Wallander hung up. “I’ll drive out and visit him tonight,” Wallander said.
“Can’t it wait until tomorrow?” Martinsson asked.
“I’m sure it can,” Wallander said. “But I have nothing else to do tonight.”
An hour later they met to assess the situation. Björk had left a message to say he could not be there because he had been summoned to an urgent meeting with the district police chief. Höglund suddenly put in an appearance. Her husband had come home and was looking after the sick child.

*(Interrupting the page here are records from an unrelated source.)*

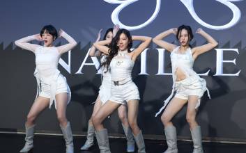그룹 나빌레라 사야, 릴라, 멜로디, 애니가 3일 오후 서울 마포구 동양북스 빌딩에서 열린 데뷔 싱글 앨범 'NO LIMIT(노리미트)' 미디어 쇼케이스에 참석해 타이틀곡 무대를 선보이고 있다.
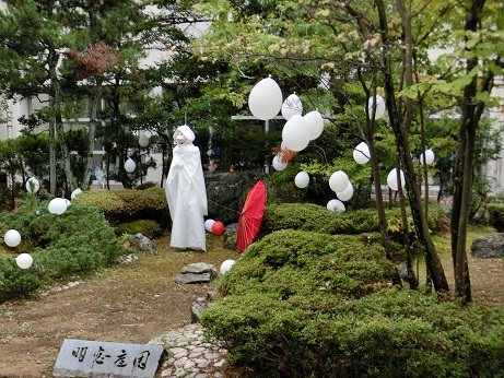 雨の中模擬店も頑張りました(2年) 中庭に白い河童?アートです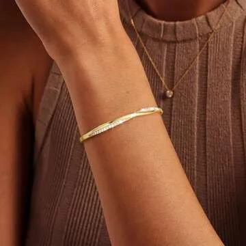 Picuzzy Gold Cuff Bracelets for Women Trendy 14k Gold Plated Bangle Bracelets for Women Non Tarnish Dainty Gold Bangles Cubic Zirconia Adjustable Wave Bracelet Fashion Jewelry Gift for Women

Everybody agreed they should concentrate on the threatening letters. Wallander could not escape the nagging thought that there was something odd about the dead lawyers, something he should have picked up. He remembered that Höglund had had the same feeling the previous day.
After the meeting they bumped into each other in the corridor.
“If you’re going to Helsingborg tonight, I’ll go with you,” she said. “If I may.”